The F-35 Joint Strike Fighter program is the most expensive procurement program in Pentagon history. It’s been plagued by schedule delays, gross cost overruns, and a slew of underwhelming performance reviews. Last month the Air Force declared its variant “ready for combat,” and most press reports lauded this as a signal that the program had turned a corner. But a memo issued from the Pentagon’s top testing official, based largely upon the Air Force’s own test data, showed that the Air Force’s declaration was wildly premature.

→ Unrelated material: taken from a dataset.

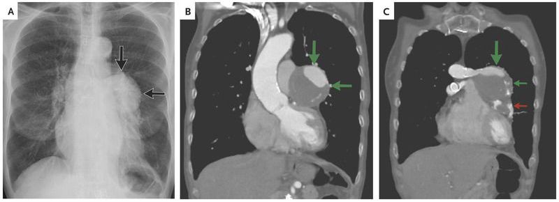 A 78-year-old woman who had undergone coronary-artery bypass graft surgery 30 years earlier and had a smoking history of 54 pack-years presented to the emergency department with shortness of breath and fatigue. The troponin level was within the normal range. There was no evidence of ischemic changes on electrocardiography. Radiography of the chest revealed a mediastinal, hilar mass lesion on the left side (Panel A, arrows). Computed tomographic angiography of the chest revealed two partially thrombosed aneurysms of the saphenous-vein grafts. The larger aneurysm arose from the superior graft that was anastomosed to the left anterior descending coronary artery (Panel B, arrows; Panel C, green arrows), and the smaller aneurysm arose from the inferior graft, which was anastomosed to the diagonal artery (Panel C, red arrow). In view of the risks of undergoing surgery again and the absence of angina, the patient continued to pursue a conservative course and the symptoms at presentation resolved. The patient was lost to follow-up.

Dr. Michael Gilmore’s latest memorandum is damning. The F-35 program has derailed to the point where it “is actually not on a path toward success, but instead on a path toward failing to deliver the full Block 3F capabilities for which the Department is paying almost $400 billion.” The 16-page memofirst reported by Tony Capaccio at Bloomberg and then by others, details just how troubled this program is: years behind schedule and failing to deliver even the most basic capabilities taxpayers, and the men and women who will entrust their lives to it, have been told to expect.

The Pentagon’s top testing office warns that the F-35 is in no way ready for combat since it is “not effective and not suitable across the required mission areas and against currently fielded threats.” (Emphasis added) As it stands now, the F-35 would need to run away from combat and have other planes come to its rescue, since it “will need support to locate and avoid modern threats, acquire targets, and engage formations of enemy fighter aircraft due to outstanding performance deficiencies and limited weapons carriage available (i.e., two bombs and two air-to-air missiles).” In several instances, the memo rated the F-35A less capable than the aircraft we already have.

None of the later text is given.